The mineral composition of FOCE and the experimental GFBs is presented in Figure 1 and Figure 2, respectively. As expected, FOCE was a very rich source of potassium (K = 1843.34 µg/g) and contained a high amount of phosphorous (P = 88.387 µg/g) and magnesium (Mg = 52.86 µg/g) (Figure 1). Zinc (Zn) was the dominant microelement in FOCE, followed by copper (Cu) and small amounts of iron (Fe) and manganese (Mn) (Figure 1). The qualitative and quantitative minerals profile determined in FOCE reflects the characteristics of the raw material it derives from.
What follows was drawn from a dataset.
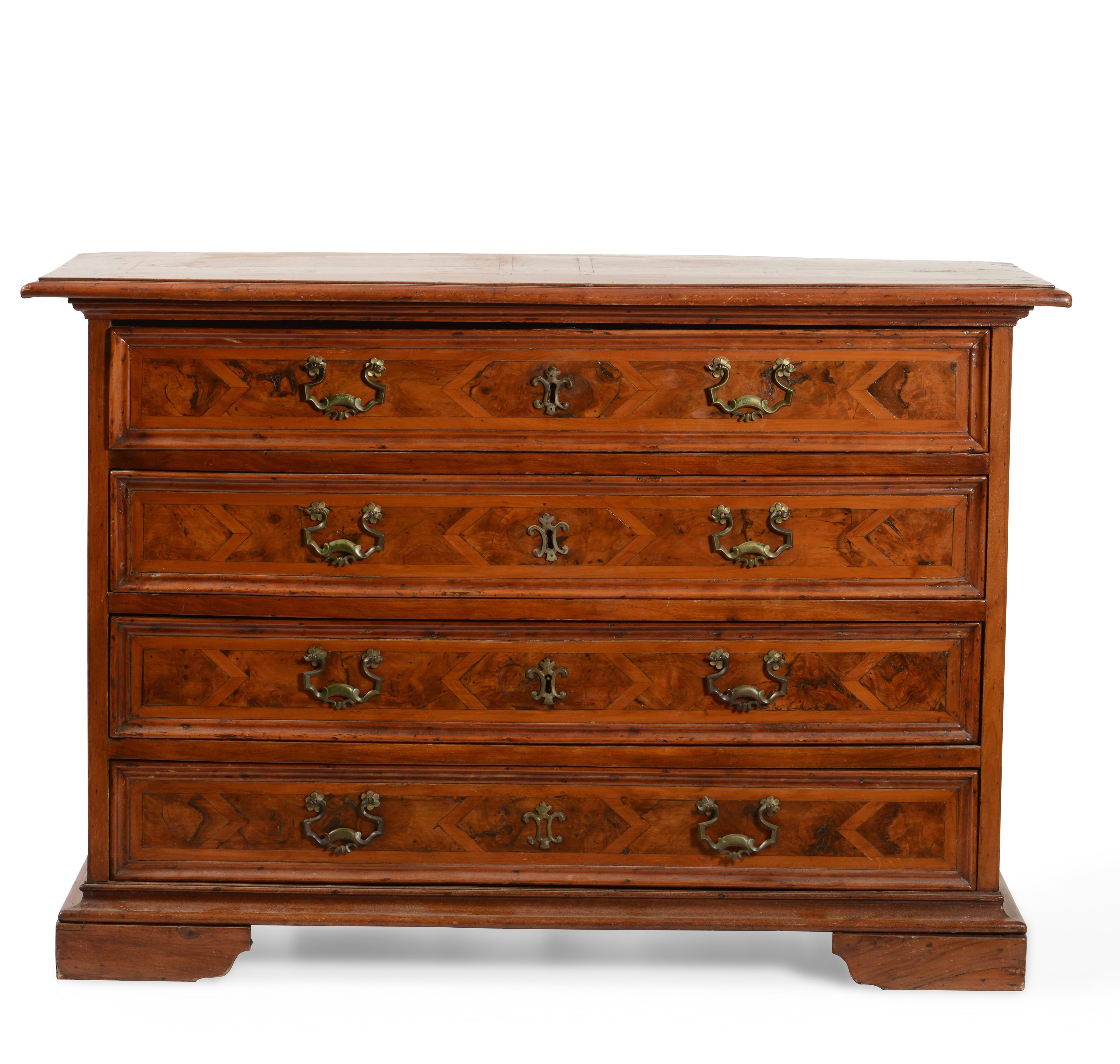 Cantarano a quattro cassetti lastronato ed intarsiato. XVIII secolo

According to the literature, flaxseed has a high amount of K (5600–9200 mg/kg) and is a good source of P (650 mg/100 g), Mg (350–431 mg/100 g), and Ca (Ca = 236–250 mg/100 g); however, it has a low amount of sodium (Na; 27 mg/100 g) [37,38].

The use of FOCE as a liquid component of the gluten-free blend resulted in the significant enrichment of GFBs in K. Its amount rose with the increasing FOCE to water ratio, and in FOCE100% K content was 60% higher than in the control (Figure 2A). High K intake is linked to improvements in cardiovascular diseases and is inversely related to blood platelet aggregation, free radicals in the blood, and stroke incidence [38]. Recently, Stone et al. [39] conducted a short-term clinical trial assessing the effect of increased K intake from different sources on blood pressure and microvascular outcomes in pre-hypertensive-to-hypertensive (systolic blood pressure > 120 mmHg) men and women. They observed a greater change in systolic blood pressure over time between the group on the K-rich diet (whose source were baked/cooked potatoes) compared with controls (−6.0 mmHg vs. −2.6 mmHg; p = 0.011) and concluded that increasing K intake might be beneficial for individuals with a higher risk of cardiometabolic diseases. Experimental GFBs with FOCE were characterized by a significantly (p < 0.05) higher content of Mg and P than the control bread (Figure 2A). On the other hand, the Na content decreased significantly with the increasing amount of FOCE in the experimental GFBs.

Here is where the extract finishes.